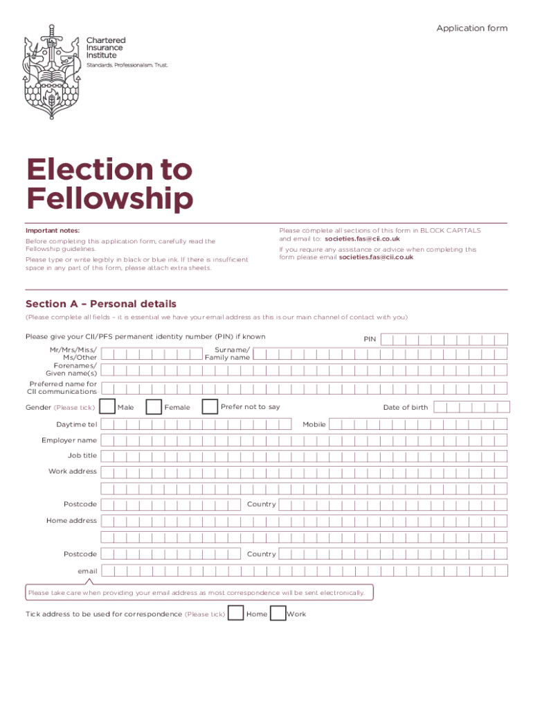 Application reelection to Fellowship Important notes:Please complete all sections of this form in BLOCK CAPITALS and email to: societies.fas@cii.co.ukBefore completing this application form, carefully
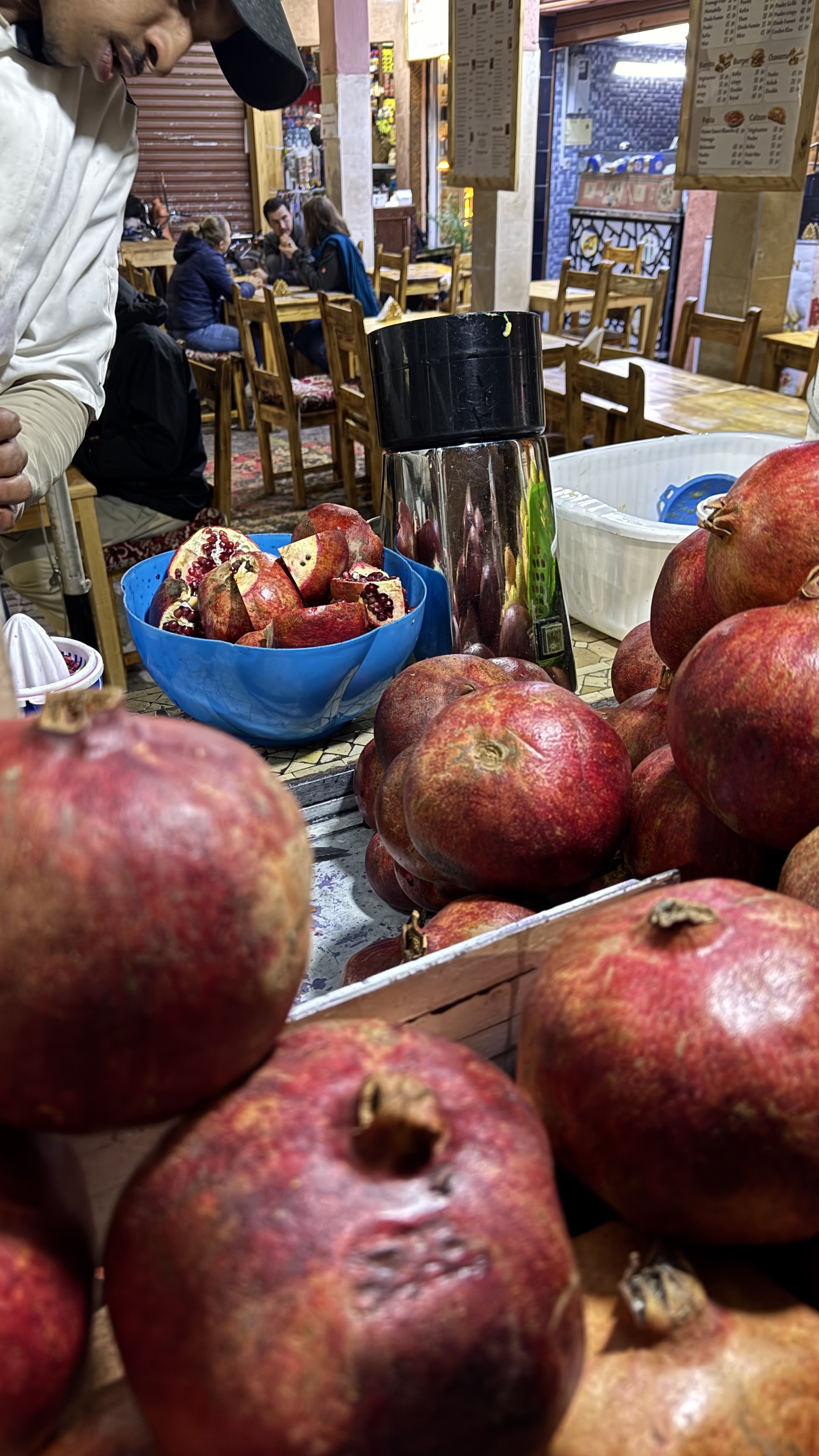 On two evenings, Ben led us around the medina to sample Marrakechi street food as well as signature dishes. We visited during the season of Ramadan. Many people in Marrakech fast during the day. After sunset, they break the fast in stages. First step are light things like juices and fruit. Then a couple hours later, the family gathers for a dinner. During our two evening food strolls around the medina, we started light and then finished in restaurants. We’ve combined the two tours together here.
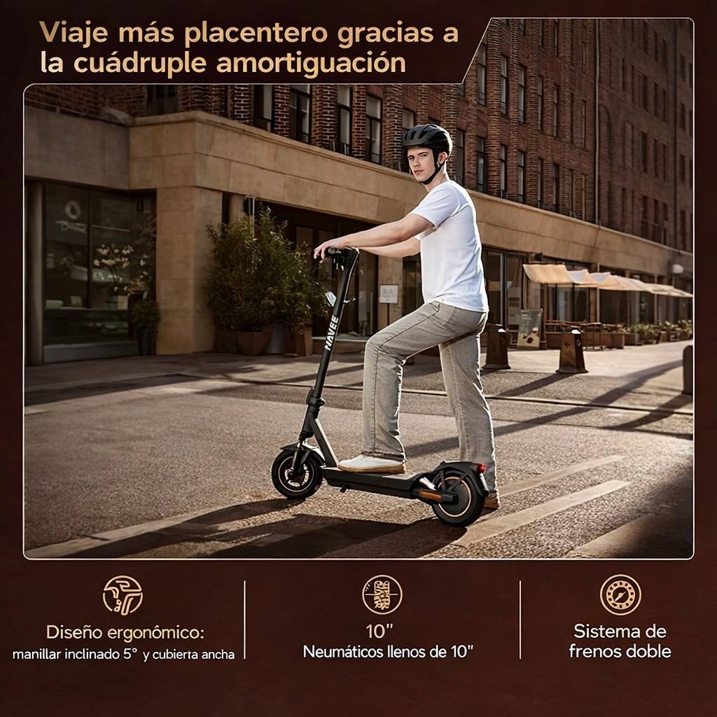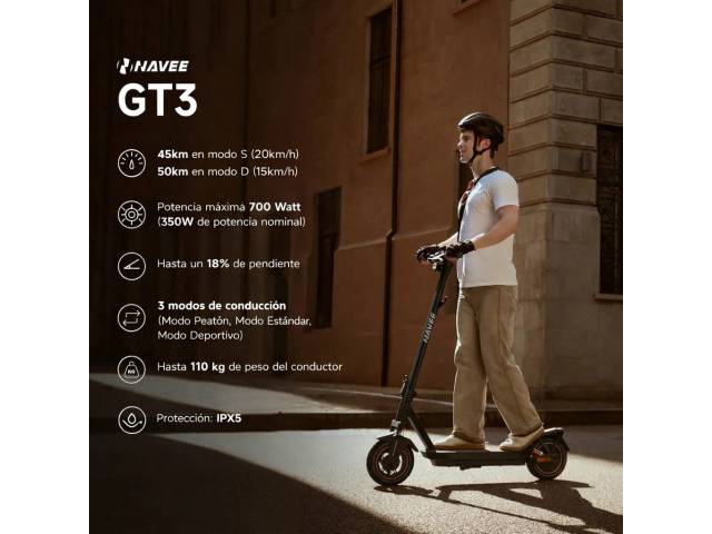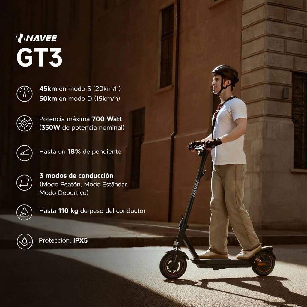 El Navee GT3 es un monopatín eléctrico diseñado para ofrecer un equilibrio ideal entre autonomía, potencia y confort. Con motor de hasta 700W, suspensión doble y neumáticos de 10", brinda una conducción estable y cómoda en ciudad. Su diseño robusto y funciones como desbloqueo por proximidad lo convierten en una excelente opción para uso diario.
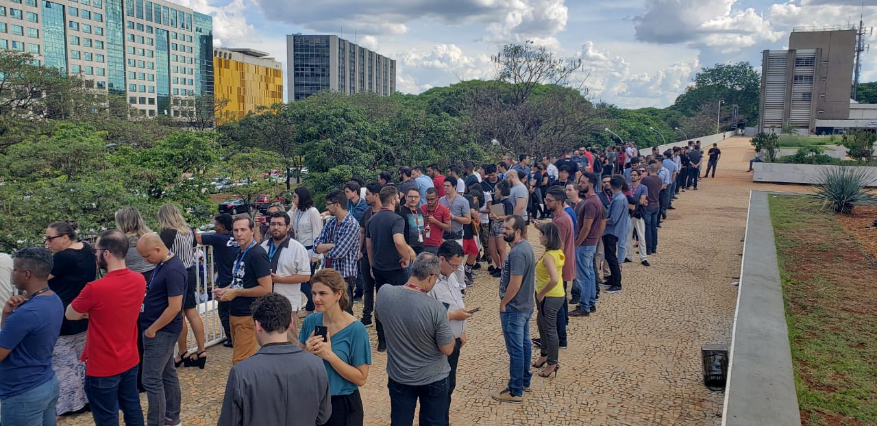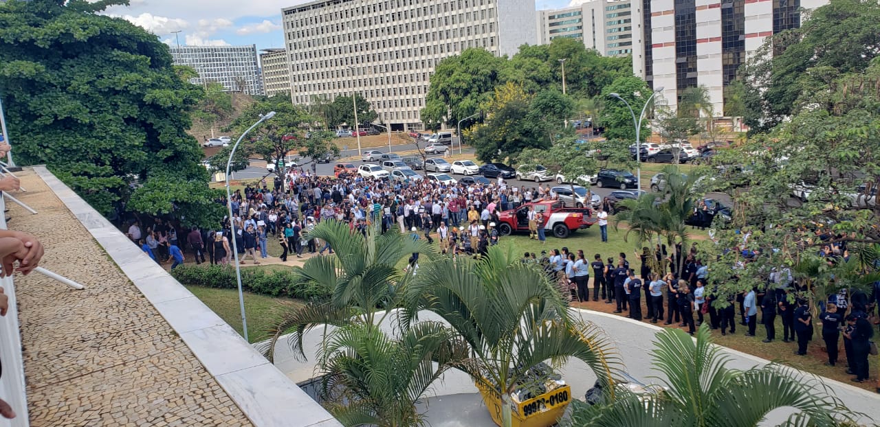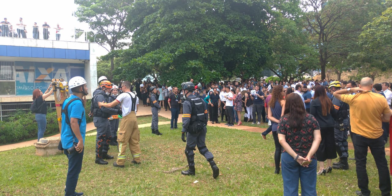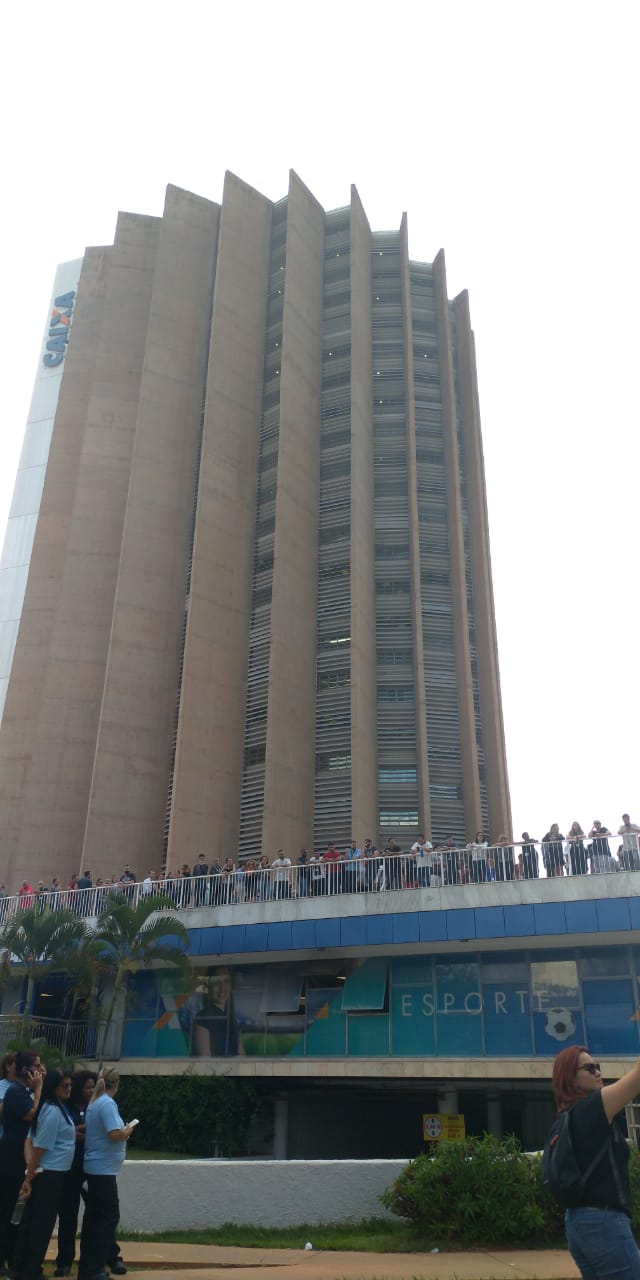 Os empregados do Edifício Matriz I da Caixa participaram na tarde desta sexta-feira (25) de exercício de desocupação do prédio, em simulação de situação de risco à segurança por comprometimento da edificação, incêndio ou outras ocorrências.
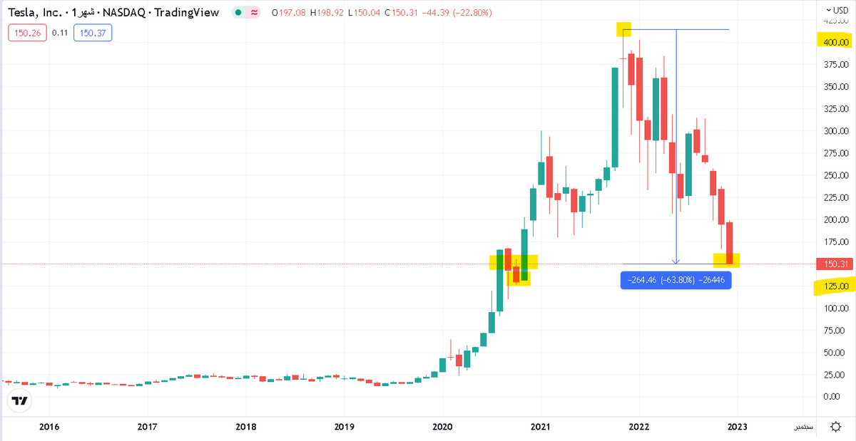 خسر سهم $TSLA حتى الآن 72% منذ بداية العام 2022م.
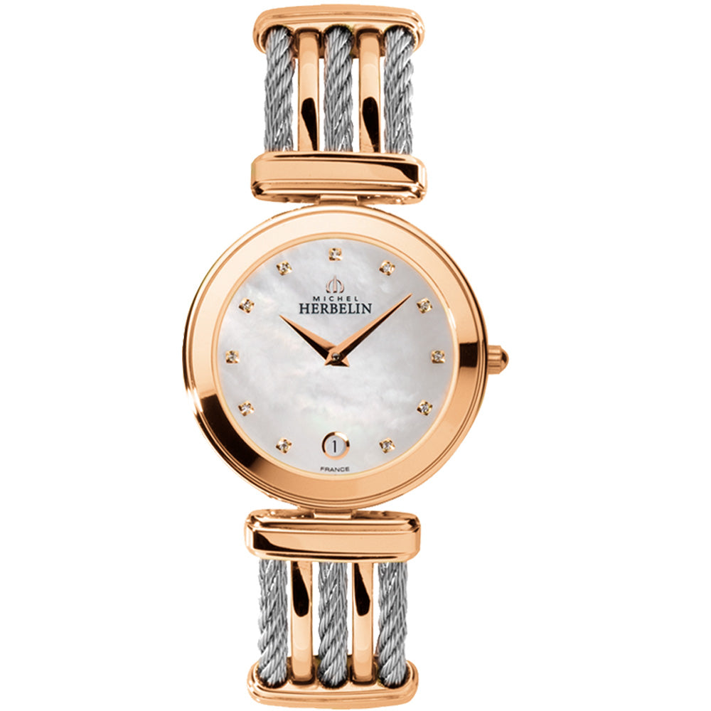 Elevate your style with the Michel Herbelin watch, a masterpiece of elegance and sophistication. The rose gold case and white mother-of-pearl dial exude luxury, while the cable-link bracelet adds a touch of modernity. Perfect for formal events or everyday wear, this timepiece is a timeless classic. Make a statement with this exquisite watch, crafted with precision and attention to detail, embodying the essence of French horlogerie.
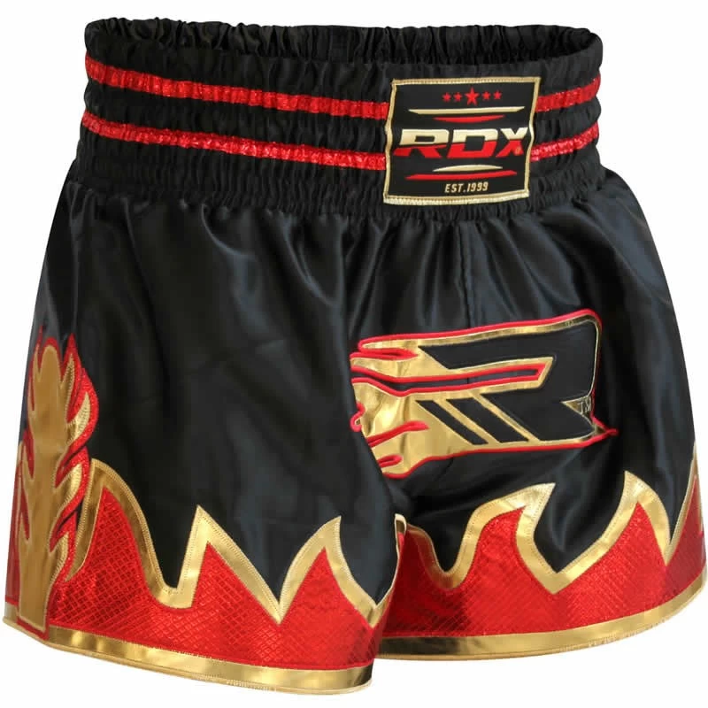 Set the ring on fire in these Crimson Flame Muay Thai Shorts; fiercely stylish boxing shorts made from a luxury satin and with advanced comfort and fit to keep you focused during fights. With enhanced mobility, you’ll have nothing holding you back; the moisture wicking satin will keep you dry and cool under pressure; the comfortable waistband will ensure a snug fit; plus the durable cloth with reinforced stitching is cut to last and last. These shorts won’t let you down. Featuring an awesome flame design and embossed tagline to help you stand out against your competition.
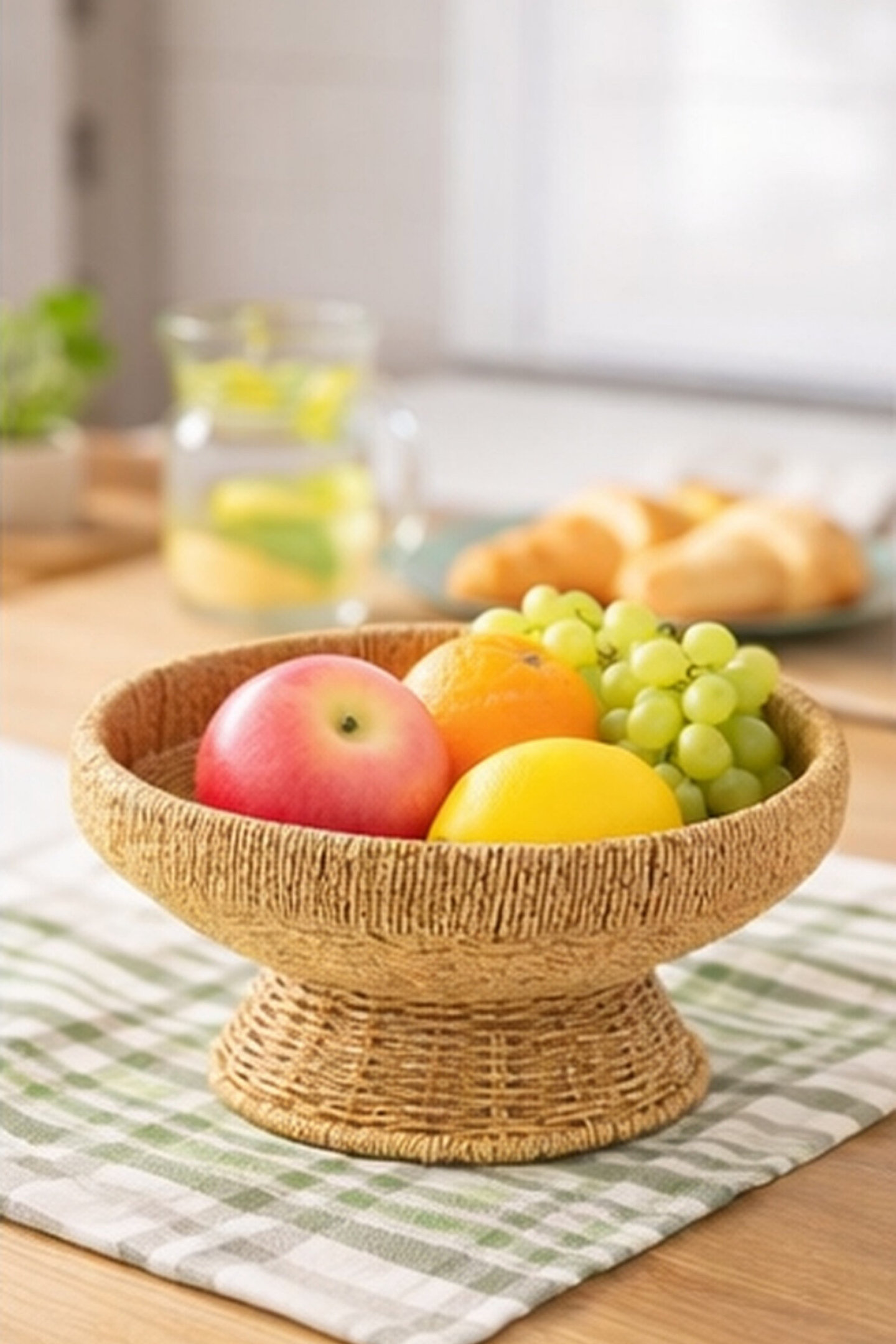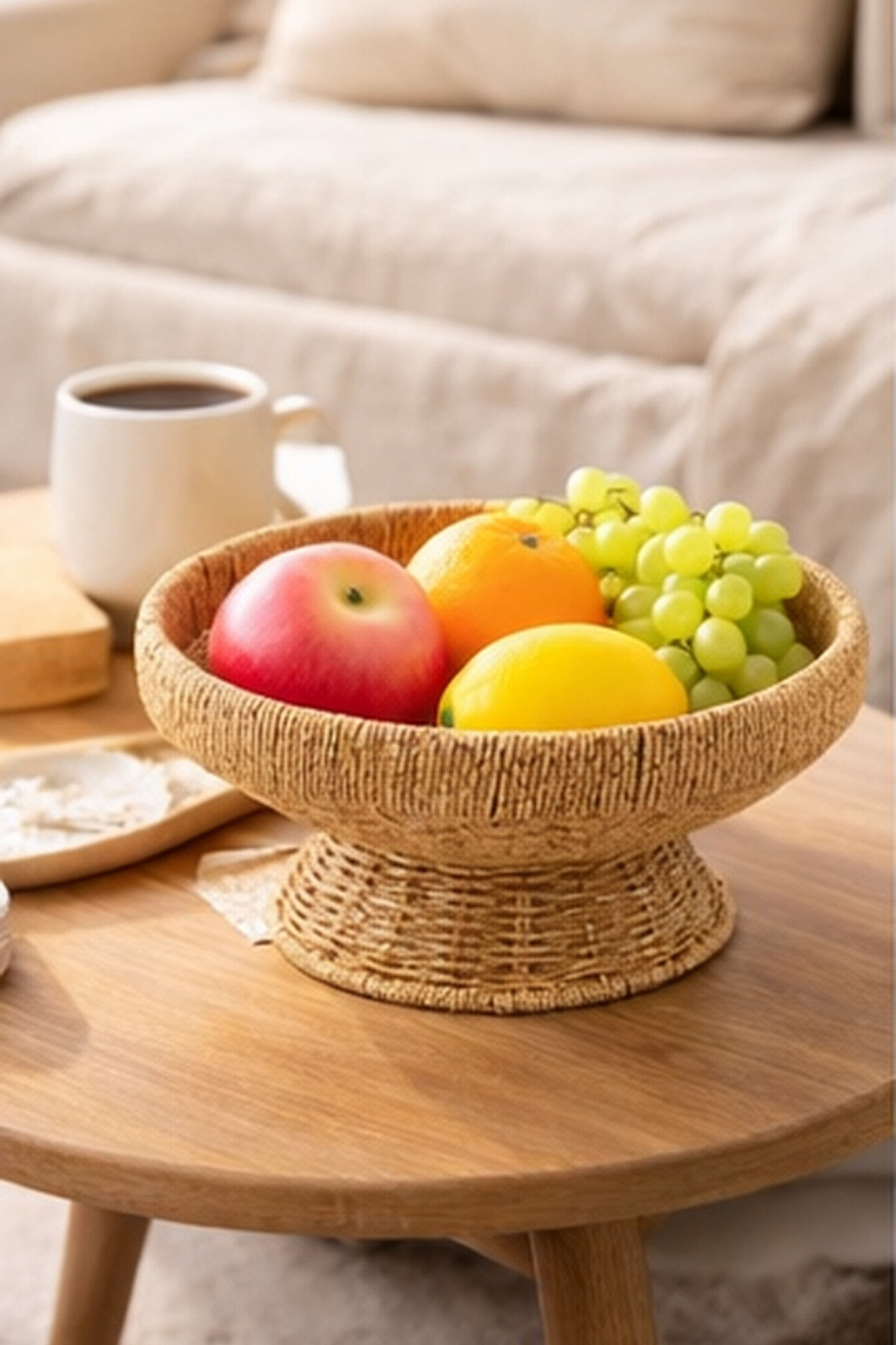 Doğal dokulu ayaklı rattan meyvelik, mutfak tezgahı ve masa üstünde hem şık sunum hem de düzenleme için ideal bir parçadır. Meyve–sebze servisi, kahvaltılık sunumları veya dekoratif amaçlı kullanım için sıcak ve doğal bir atmosfer oluşturur.
● ● ● ● ● ● ●
» **The task**
The entries above should be written out in full, and any picture in them left out.

» **Output of the task**
 Application reelection to Fellowship Important notes:Please complete all sections of this form in BLOCK CAPITALS and email to: societies.fas@cii.co.ukBefore completing this application form, carefully
 On two evenings, Ben led us around the medina to sample Marrakechi street food as well as signature dishes. We visited during the season of Ramadan. Many people in Marrakech fast during the day. After sunset, they break the fast in stages. First step are light things like juices and fruit. Then a couple hours later, the family gathers for a dinner. During our two evening food strolls around the medina, we started light and then finished in restaurants. We’ve combined the two tours together here.
 El Navee GT3 es un monopatín eléctrico diseñado para ofrecer un equilibrio ideal entre autonomía, potencia y confort. Con motor de hasta 700W, suspensión doble y neumáticos de 10", brinda una conducción estable y cómoda en ciudad. Su diseño robusto y funciones como desbloqueo por proximidad lo convierten en una excelente opción para uso diario.
 Os empregados do Edifício Matriz I da Caixa participaram na tarde desta sexta-feira (25) de exercício de desocupação do prédio, em simulação de situação de risco à segurança por comprometimento da edificação, incêndio ou outras ocorrências.
 خسر سهم $TSLA حتى الآن 72% منذ بداية العام 2022م.
 Elevate your style with the Michel Herbelin watch, a masterpiece of elegance and sophistication. The rose gold case and white mother-of-pearl dial exude luxury, while the cable-link bracelet adds a touch of modernity. Perfect for formal events or everyday wear, this timepiece is a timeless classic. Make a statement with this exquisite watch, crafted with precision and attention to detail, embodying the essence of French horlogerie.
 Set the ring on fire in these Crimson Flame Muay Thai Shorts; fiercely stylish boxing shorts made from a luxury satin and with advanced comfort and fit to keep you focused during fights. With enhanced mobility, you’ll have nothing holding you back; the moisture wicking satin will keep you dry and cool under pressure; the comfortable waistband will ensure a snug fit; plus the durable cloth with reinforced stitching is cut to last and last. These shorts won’t let you down. Featuring an awesome flame design and embossed tagline to help you stand out against your competition.
 Doğal dokulu ayaklı rattan meyvelik, mutfak tezgahı ve masa üstünde hem şık sunum hem de düzenleme için ideal bir parçadır. Meyve–sebze servisi, kahvaltılık sunumları veya dekoratif amaçlı kullanım için sıcak ve doğal bir atmosfer oluşturur.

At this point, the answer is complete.